Я прохожу мимо худого. Не видя меня, он бормочет из-под «заклепки»:
– Разжились на мясцо, – улыбается во все зубы. Они у него неожиданно белые и крупные.
– Дай Боже, улову! – крестился безногий. – Деньга́ будет.
– Надоив! – говорит дед Иван. – Надоив ты: все о грошах!
Я пробую волосы запястьем. Мне кажется, они плывут вместе с зноем. Потом оглядываюсь на безногого. С ногами это был бы статный и пригожий славянин, совсем без следов татарской крови.

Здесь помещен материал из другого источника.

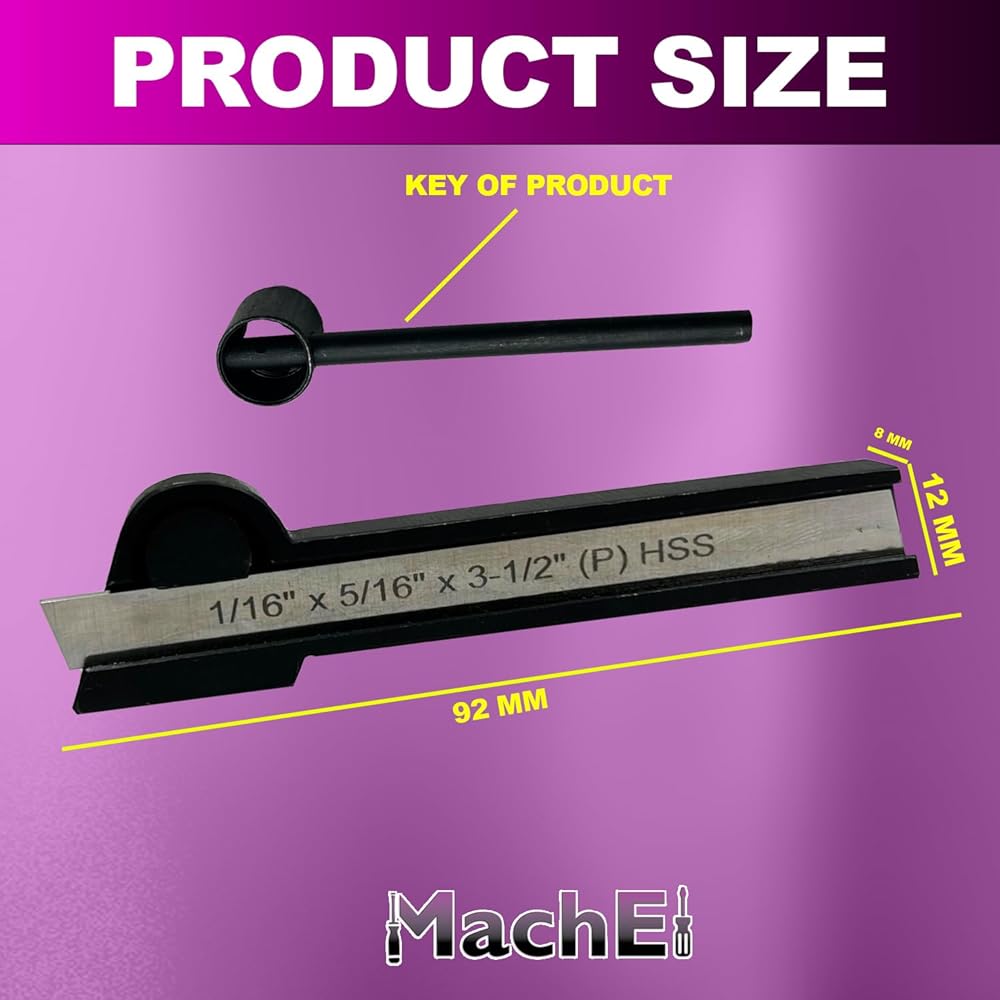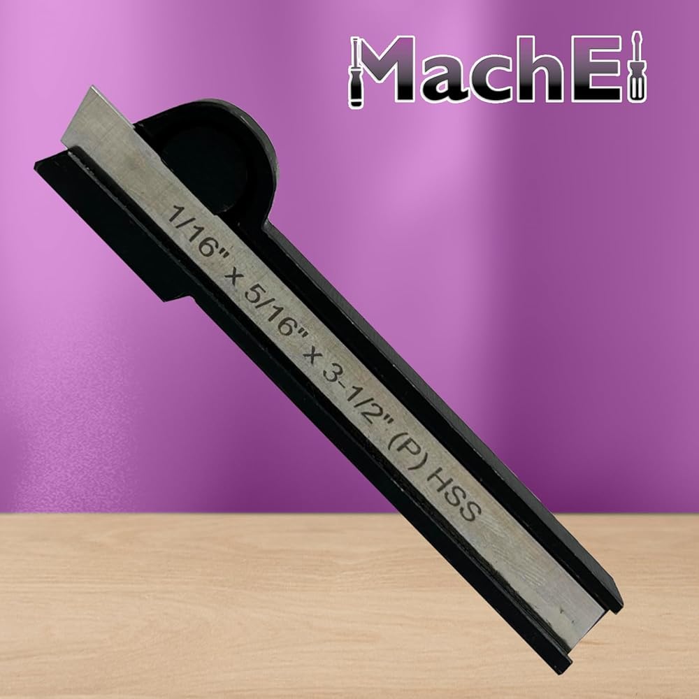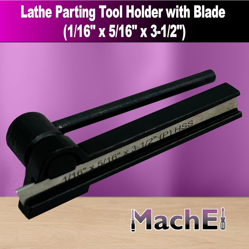 The MachEl Lathe Parting Tool Holder with Blade is a reliable tool for precise parting and cutting tasks on lathes. The tool holder is designed to securely hold a 1/16" x 5/16" x 3-1/2" HSS blade, providing excellent performance for clean, accurate cuts. This compact and sturdy tool ensures stability during parting operations, making it ideal for use with a variety of materials including metal, plastic, and wood. The tool is built for durability, offering long-lasting reliability even under frequent use. Whether for professional machinists or DIY enthusiasts, this parting tool holder is a must-have for efficient lathe work.
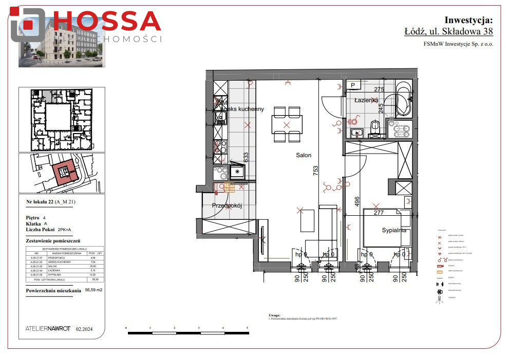 Nowoczesne i komfortowe mieszkanie na wynajem, w budynku z 2024 roku, zlokalizowanym w Śródmieściu Łodzi, przy ulicy Składowej i w całości przeznaczonym na wynajem.

– Ваныч, я ж с собой вожу треноги, хлопцы сварили, – говорит безногий. – А ты все сучья под распорки. Сгорят когда-нибудь, уроним посуду.
– На хрена попу гармонь, когда есть кадило. – Дед Иван вздергивает подбородок. – У мэнэ ны сгорять.
Дед Иван споро разделывает горлиц, а я все стремлюсь рассмотреть пламя. Какого же оно цвета?..
Я пропах мятой – странный запах у тех кустов.
– Поднови костер, – велит дед Иван.
3
Перепела отдают рыбой и раками – это из-за кастрюли. Дед Иван сгорбился над ней, скрестив ноги. Безногий примостился на боку, худой улегся на животе, выставив стаканчик. Дед Иван смахивает с ладоней ломтики лука и разматывает тельник – там бутыль литра на полтора. Сине взбалтывается жидкость: спирт.
– Не угодно ли прохладительного? – На лице безногого восторженность.
– Поваляемся в пиве и табаке, – с задушевностью заявляет дед Иван. – Вот теперь времечко не теснит. Это, братки, чин дня. – Он заботливо прижимает бутыль к животу: спирта в ней на одну треть, не больше.
– Праздничный благовест! – говорит на журчанье спирта безногий. – Эх, сводня ты, бутылка!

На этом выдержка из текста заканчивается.